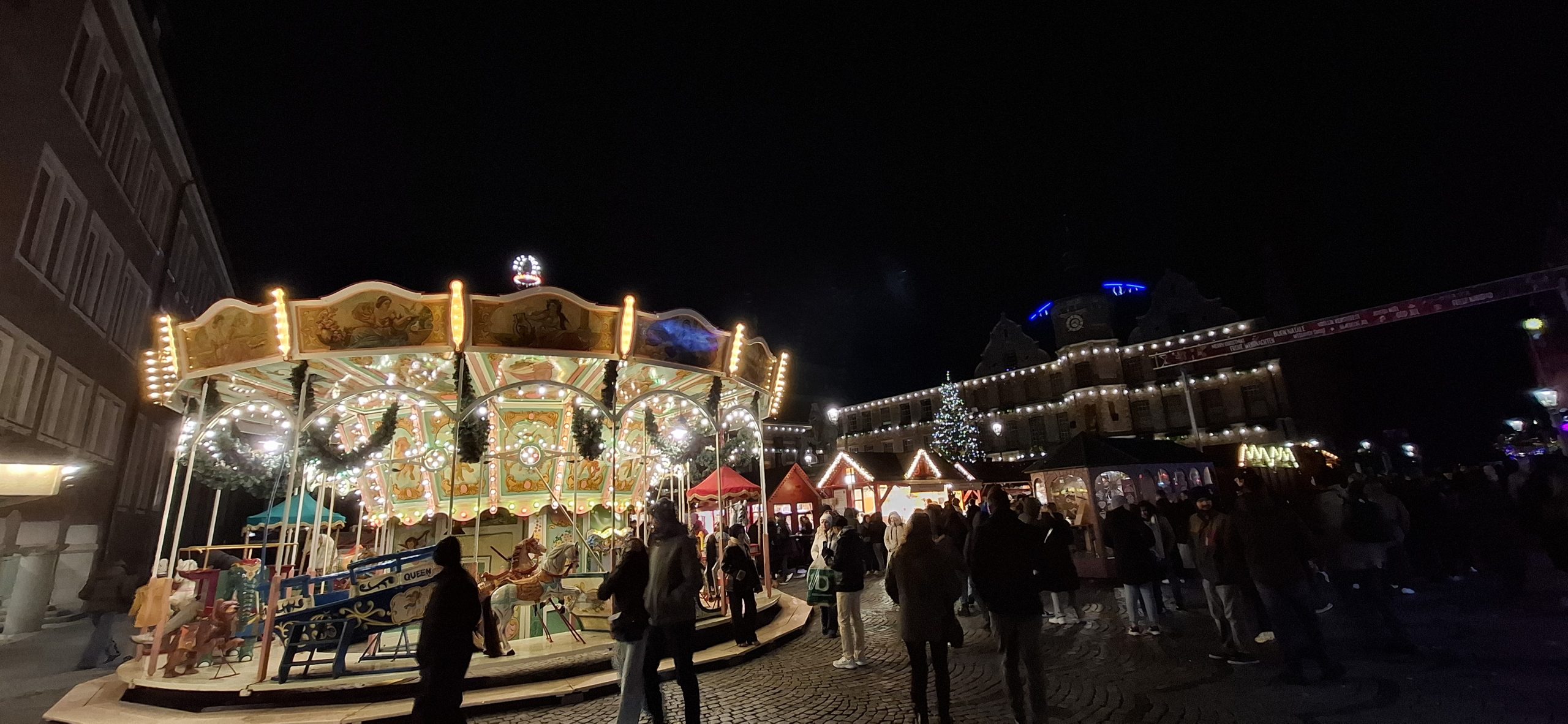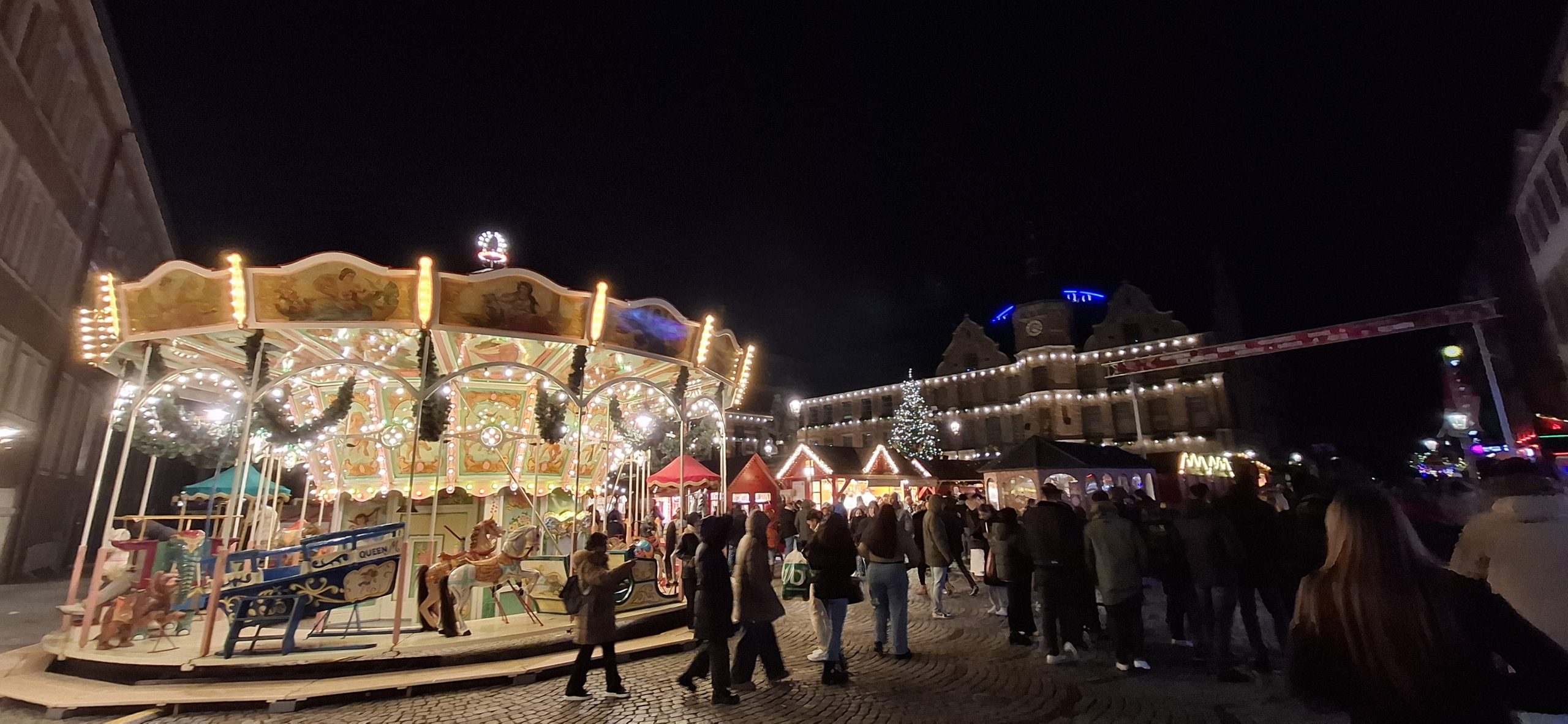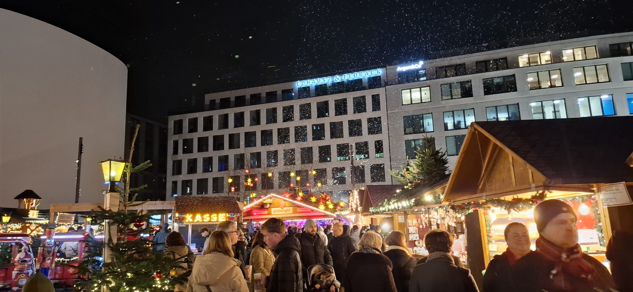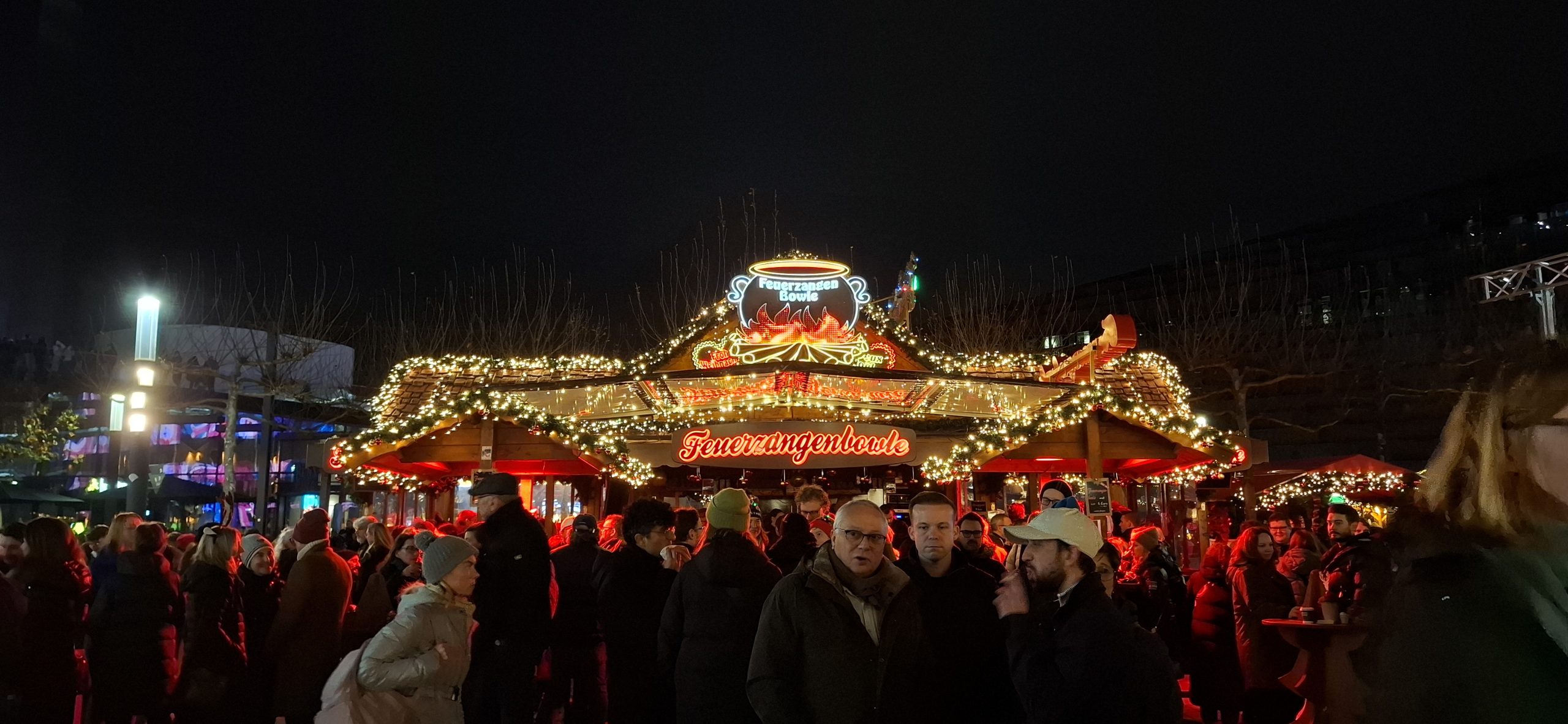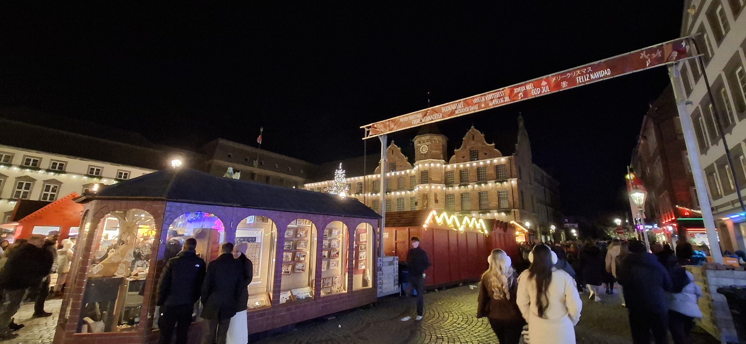 Am Samstag, dem 22. November 2025, fuhren wir nach Düsseldorf. Dies war dieses Jahr unser erster Weihnachtsmarkt. Wir parkten wie immer und haben überraschenderweise relativ direkt einen Parkplatz bekommen. Wir gingen den üblichen Fußmarsch zur und über die Brücke, an der Promenade entlang, vorbei am ersten Weihnachtsmarkt, direkt am Rhein mit dem Riesenrad. Diesmal hat dieser in der Mitte einen runden LED-Kreis mit verschiedenen teils überhaupt nicht lesbaren Werbeeinblendungen gehabt.
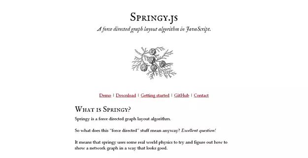 Springy.js设计轻量并且简单。它提供了一个抽象的图形处理和计算的布局,支持Canvas、SVG、WebGL、HTML元素。
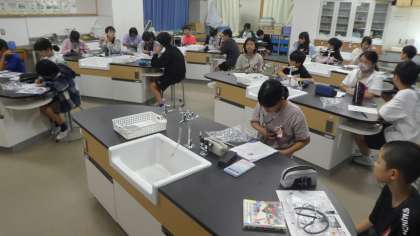 手首や首筋で、自分の脈をみつけるのに苦労している児童もいましたが、聴診器や拡声心音器、パルスオキシメーターなども使い、自分のはく動や脈はくを確かめていました。
----
__ABOUT THIS TASK__. Since the pictures are not wanted, transcribe the rest of the listing above exactly.

__WRITTEN SOLUTION__.
 Am Samstag, dem 22. November 2025, fuhren wir nach Düsseldorf. Dies war dieses Jahr unser erster Weihnachtsmarkt. Wir parkten wie immer und haben überraschenderweise relativ direkt einen Parkplatz bekommen. Wir gingen den üblichen Fußmarsch zur und über die Brücke, an der Promenade entlang, vorbei am ersten Weihnachtsmarkt, direkt am Rhein mit dem Riesenrad. Diesmal hat dieser in der Mitte einen runden LED-Kreis mit verschiedenen teils überhaupt nicht lesbaren Werbeeinblendungen gehabt.
 Springy.js设计轻量并且简单。它提供了一个抽象的图形处理和计算的布局,支持Canvas、SVG、WebGL、HTML元素。
 手首や首筋で、自分の脈をみつけるのに苦労している児童もいましたが、聴診器や拡声心音器、パルスオキシメーターなども使い、自分のはく動や脈はくを確かめていました。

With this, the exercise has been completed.